Waiting out the red light in Puxi
Where we are in Pudong (or east bank of the Huangpu river), it is pretty antisepticised. Though not that many years ago it used to contain mainly farmland, as my driver liked to tell me. Our compound has blocks of ugly public housing facing some of the villas and these buildings house many farmers displaced about a decade or two ago from their land. They are talking of demolishing these buildings now to make way for more villa construction, so Pudong can only become even richer and more modern. And poor guys - they will surely have to relocate even further away in Pudong once their homes are being pulled down - again.
Puxi (or west bank of the Huangpu river) is another thing altogether. That part of Shanghai has more history and more soul, if you wish, and remains the cultural and entertainment hub of the city. Buildings old and new are packed together, streets are narrower, small boutiques and big malls stand side by side, old concession-era villas can be found in areas dominated by low-rise shophouses and people still sometimes walk the streets in their pyjamas and hang out their clothes to dry above your head.
A few streets in Puxi
I do not go to Puxi very often as it is quite far (anything from 30 minutes to more than an hour) from where I live and I hate being stuck in traffic jams in the middle of the day. Besides I have been busy unpacking as you know.
Shanghai Art Museum
However, just before my things arrived from Italy, I was there a few times to meet up for lunches with new friends, and to visit the Shanghai Art Museum. It was just a few days into the Chinese Lunar New Year, just after they abolished entrance fees and the whole of Shanghai started queuing up to visit the museum - if only for the first few days. Some, I was told, even turned up with their own picnics to be enjoyed in the galleries or with fresh vegetables from nearby markets to be washed in the museum's toilets.

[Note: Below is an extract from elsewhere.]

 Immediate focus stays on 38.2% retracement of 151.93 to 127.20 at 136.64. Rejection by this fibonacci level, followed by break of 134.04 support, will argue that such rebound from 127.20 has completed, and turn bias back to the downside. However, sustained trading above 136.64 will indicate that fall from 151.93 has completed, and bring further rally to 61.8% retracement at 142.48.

From the foreign exhibition
I liked the simple use of black ink
Building was quite interesting as it was built in the 1930s and used to house the clubhouse of the decadent Shanghai Race Club. I didn't realise that the race tracks used to be just next to it as it's now something very proper like the People's Square.

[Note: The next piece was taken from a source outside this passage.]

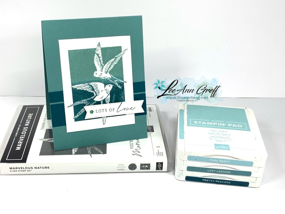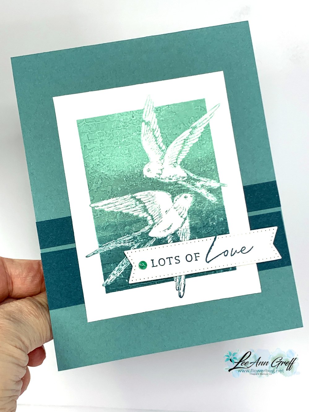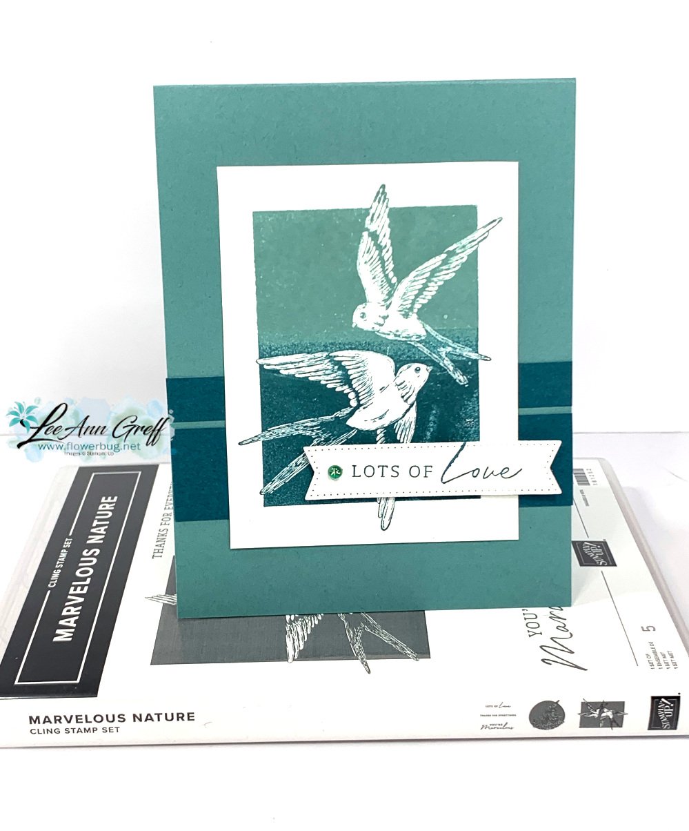 The card base is Lost Lagoon with two strips of Pretty Peacock under the main image.  As you can see by the photo below the left card is lighter than the right one.  In the video I went over the upper part of the image one more time using the Stamparatus; mostly so I could get a more solid, complete image.

Nothing much to say about the exhibitions, I am not an art expert but I have visited quite a number of museums in different parts of the world and this one was boring. They must have hidden the good stuff somewhere else since China is such a populous country and must have more talent than anywhere else. Or I must have visited at the wrong time. The only interesting exhibition when I was there was actually a foreign one and probably an advertisement for a few print companies in the USA. But I won't complain since entrance was gratos.
I rather like these paintings
I look forward to finding more time to explore Shanghai especially Puxi. I have a few local friends of friends here, plus expat friends who have been here a long time - so hopefully through them I will find interesting places to visit in the city soon. However the weather is starting to be unbearably hot so I am not optimistic that I will last very long out there.
Shanghai Art Museum
325 Nanjing Xi Lu
Shanghai
S, so nice to share a glimpse of your new life.
RépondreSupprimerE, your blog looks nicer and fresher than ever!
RépondreSupprimerAs do you :-)
wow! it is so nice to read that somebody had the same view on exhibition. i've been also in shanghai a month ago on this free entrance exhibition.
RépondreSupprimerI have to say i was really expected more of it.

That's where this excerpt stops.